Edwin "Gem-Glistening Cup" Cranston's 1993 "review" (really more of a page-by-page list of comments and corrections) of the Princeton Companion to Classical Japanese Literature by Earl Miner, Hiroko Odagiri, and Robert E. Morrell is so impossibly learned that it's practically a course in Japanese literary history all by itself. Here's a short comment on mirrors from page 208; it goes off the rails a bit but I like it:

The article on Ōkagami [literally "the Great Mirror"] offers "a point of some comparative interest" concerning mirrors, suggesting the telescope as the Western counterpoint for the mirror as a device for seeing from afar. As an imaginary vehicle for getting around in the past, the time machine might be of more use to the historian. The thing about mirrors is that they look at you while you look at them. They are portals (portholes?) to a wish-world, East or West, but the vision they offer is mirror-reversed, as one might learn by stepping Through the Looking Glass. They are privy to the secrets of our vanity, ready to be consulted on who is fairest, to lure the Goddess from her cave, or return her Medusan image to the stone. They are the essence of bronze culture, Sun Kings, and crazy houses, and far too potent to be left to mere historiographers.

Cranston also quotes a great "Companion bon mot" on p212: "If Sei Shōnagon did not exist, there would be no one to invent her."

Popularity factor: 2

無名酒:

Personally, I have to say that not only Cranston needs some chill regarding mirrors,* but he should have consulted what Classical Chinese sources had to say on "So, Why the Hell Do We Call These Historical Anecdote Collections Mirrors Anyway?"** (You'd think a guy who uses Latin with such frequency would be familiar with the literature, but perhaps I hang out with too many Jesuits.)

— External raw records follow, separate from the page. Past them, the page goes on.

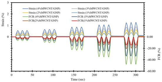 Figure 11 displays the strain detection capabilities of a self-sensing cementitious composite when subjected to repetitive loading within the quasielastic range. The strain increases as the cyclic compressive load intensifies, leading to an increase in the FCR changes, as indicated in Figure 11. This increased cyclic compressive loading disrupts the microstructures and conductive pathways, increasing the FCR changes. Nonetheless, the cyclic compressive loading applied within the quasielastic range induces quasielastic strain, allowing the strain to recover after each unloading step, thereby preventing any drift. It is worth noting that this study focuses solely on the strain-sensing performance of the self-sensing cementitious composite, while an evaluation of damage sensing can be found in a previously published study. Furthermore, as depicted in Figure 11, it becomes apparent that the fluctuation in the FCR (fractional change in resistance) during cyclic strain shows a noticeable increase with increasing MWCNT/GNP content percentage. This increase in MWCNT/GNP content gives rise to amplification in conductive pathways, thereby enhancing strain-sensing capabilities.
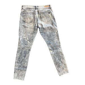 These jeans feature a bold acid/snow wash look with a light blue and white splatter effect that gives them a unique, edgy vibe. They are a skinny-fit style, perfect for contemporary casual looks.
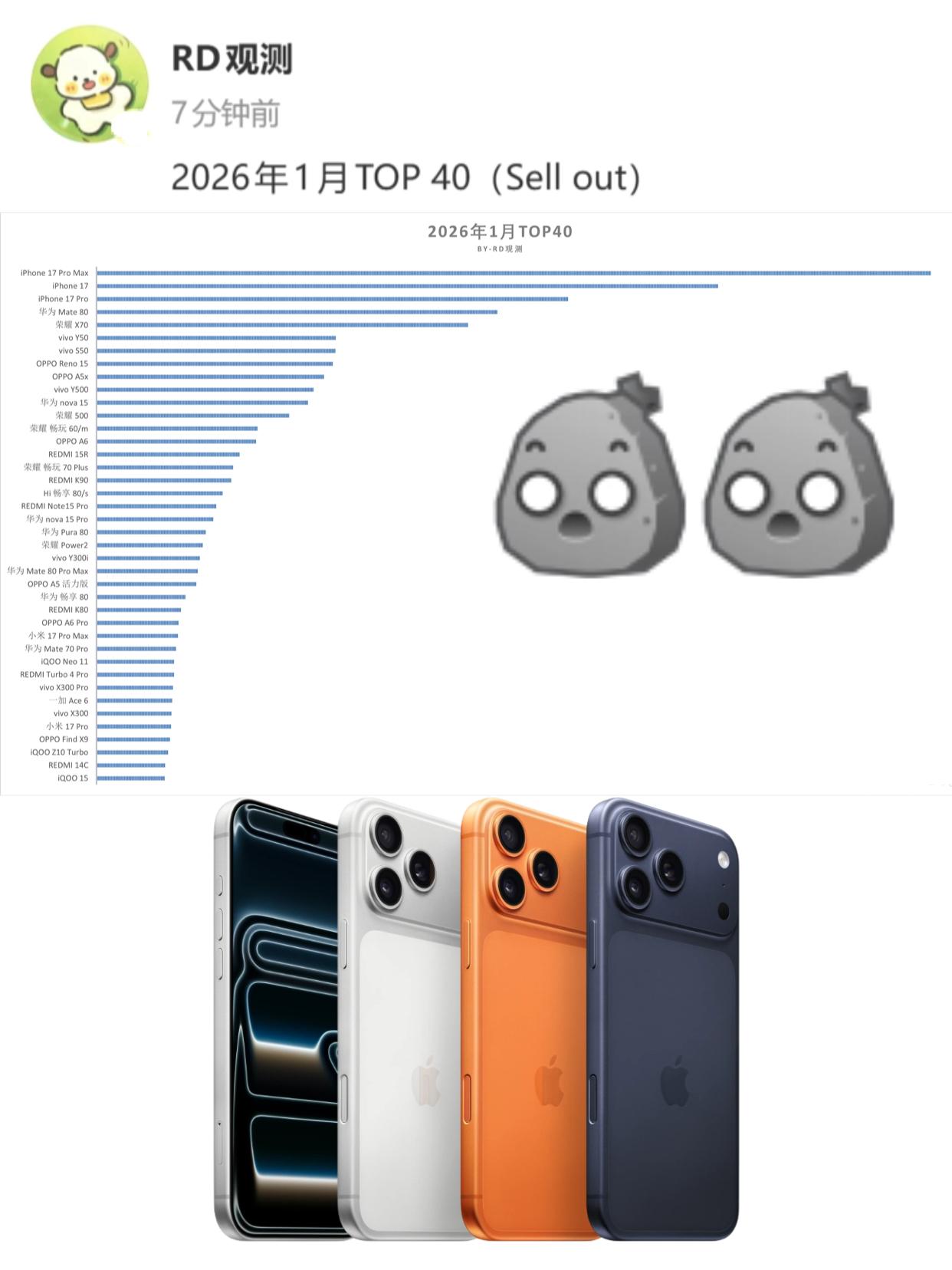 天塌了,已经没人管得了苹果了...... 你说夸不夸张,2026年第一个月,手机销量又又又被iPhone 17 Pro Max拿下了,还领先后面的一大截,而且第二是苹果17,第三是苹果17 Pro,苹果王朝了属于是 主要是苹果价格还高啊,Pro Max都得上万了,买苹果手机的有钱人是真多啊,后面的安卓性价比机型都赶不上,你说这是为啥呢?
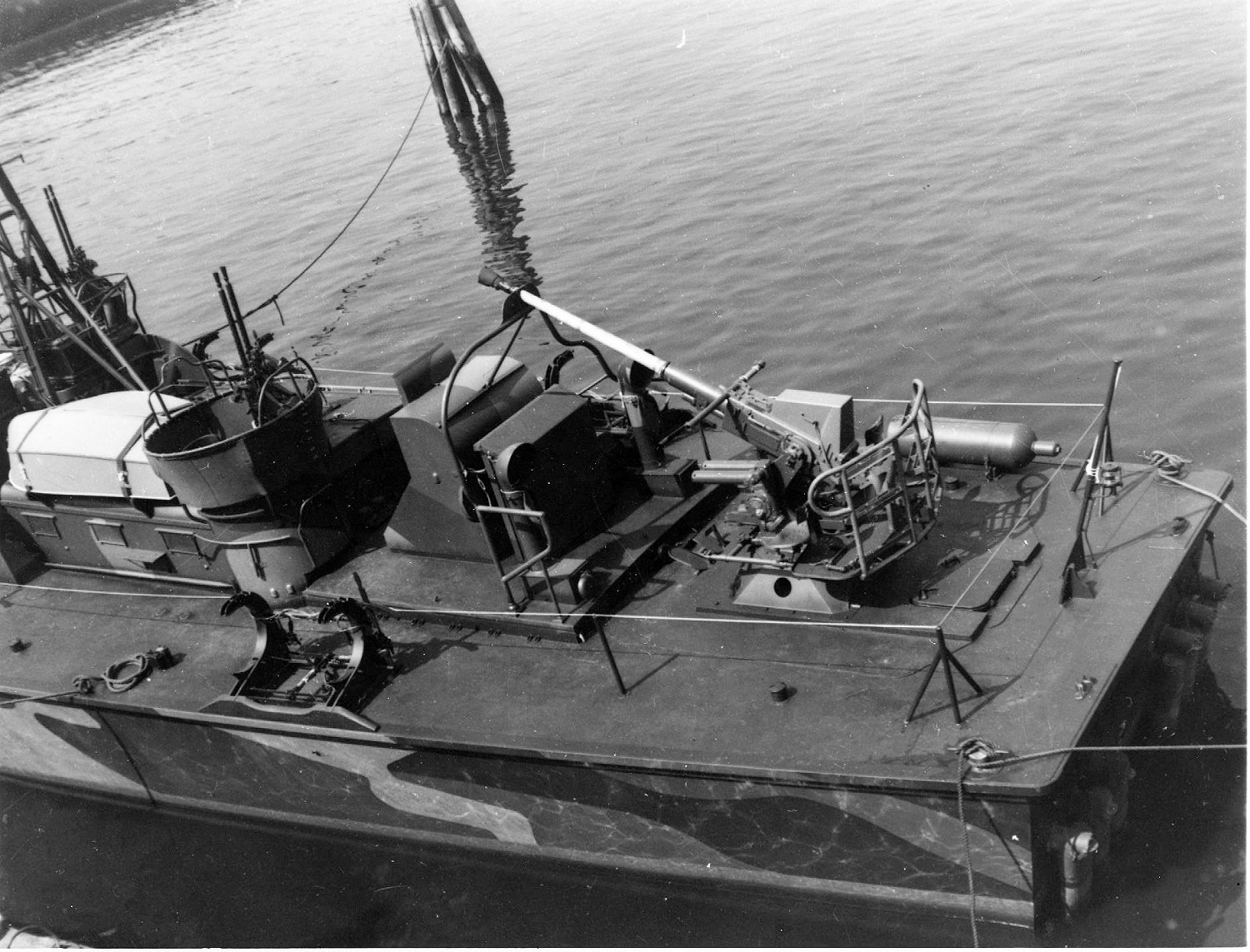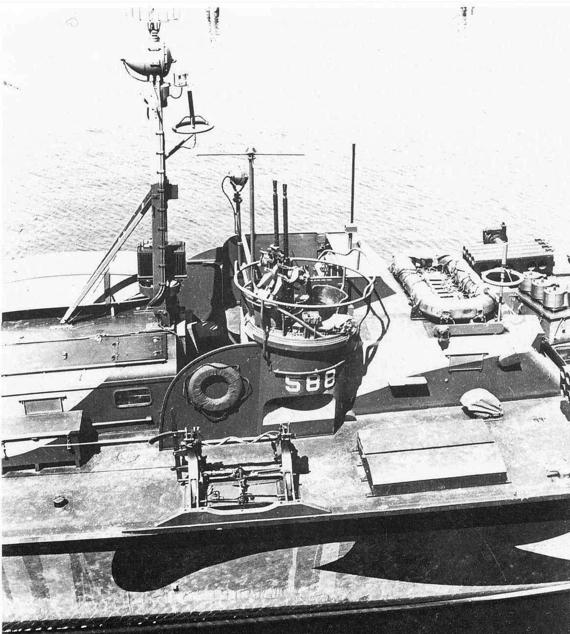 357k | c. April 1945 Close-up of the forward turret, launching rack and rocket magazine U.S. Navy photo from "Allied Coastal Forces of World War II: Vol. II" by John Lambert and Al Ross |
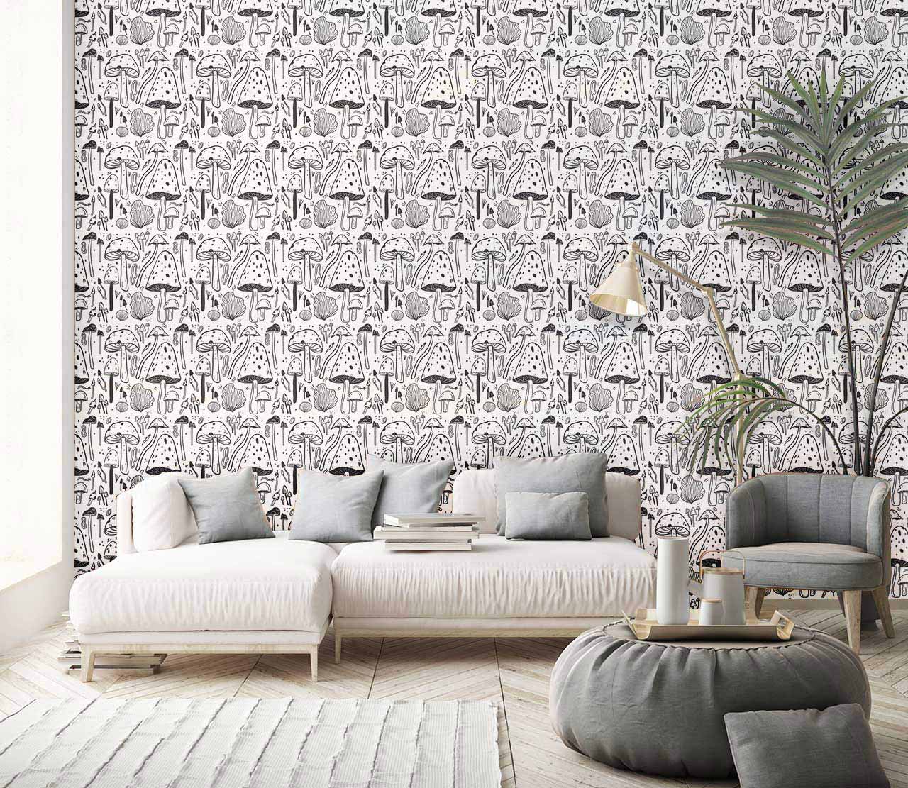 This Gray Mushrooms Wallpaper Mural is stylish and fun. The small patterned mushrooms create a living texture on your walls, while the grey and monochromatic base tones provide a tranquil backdrop for restful meditation or comfortable reading. Your kids will surely love this wall decoration when you hang it on their bedroom walls or play areas. This mushroom wallpaper is easy to apply, with an adhesive backing that can be simply peeled off of the wall and repositioned if necessary.
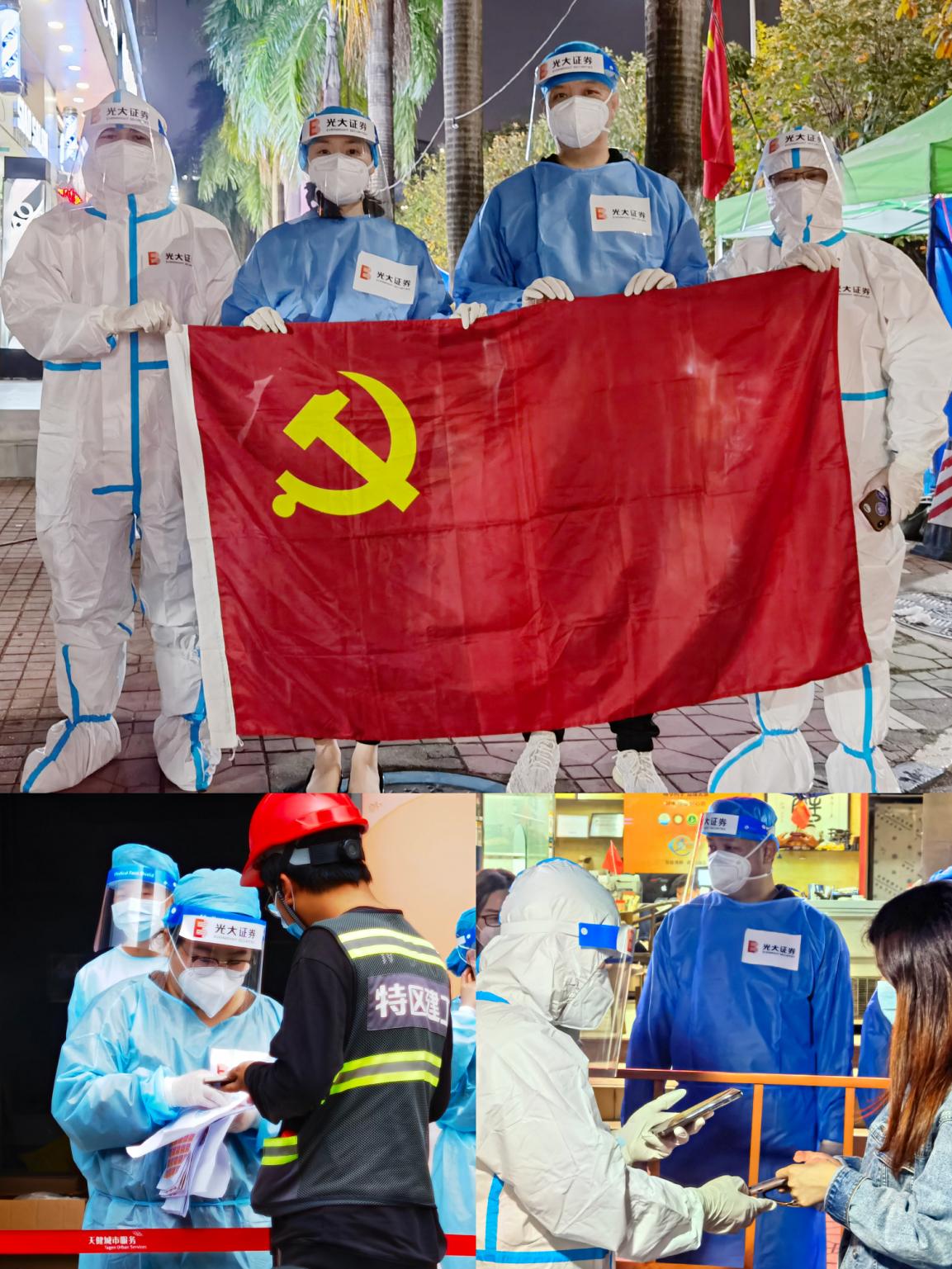 光大证券深圳分公司发挥基层党组织战斗堡垒作用和党员先锋模范作用,党员干部迅速牵头组建了“光证深分先锋队”,下沉基层抗疫一线,党员同志们换上防护服、手套和隔离面罩深入莲花街道多个社区,全力协助医护人员做好核酸检测的辅助工作。从白天到黑夜的坚守,顶着温差很大的深夜寒风,保持良好状态,为广大群众的身体健康安全提供了有力保障。一句句暖心的提示、一个个忙碌的身影,光大证券深圳分公司的志愿者们,用实际行动,坚定地守护着鹏城的人们!

*I agree with him on many points, even so, and even have my own cranky opinions about the Companion that he left out. But I like to think I have slightly more chill, at least in print.

I also disagree with him on points not involving mirrors, but then scholarship has moved on (particularly on private or public as an issue).

**(Possibly that's one of the Seder questions, but I have to admit I'm unsure.)


Matt:

The thing about it is that he doesn't really address their comment. It feels like an idea that he's had rattling around for a while but couldn't be bothered developing into a Festschrift paper. But I do like it as a mini-fantasia. (And yeah, this whole review is so odd -- I mean it is valuable to have a list of errata but I'm left wondering what I, less knowledgable than Cranston (to put it mildly) am to think of the book overall. Is everything except what he mentions here Cranston-approved? Is it ultimately a good source for Noh info or not? etc. Kind of academic (heh) in my case because I have access to Japanese sources directly, but it makes me wonder what people thought of it at the time.)

You should mail me in private about your cranky opinions! It's the closest thing I have to informal word-of-mouth transmission of academic metaknowledge.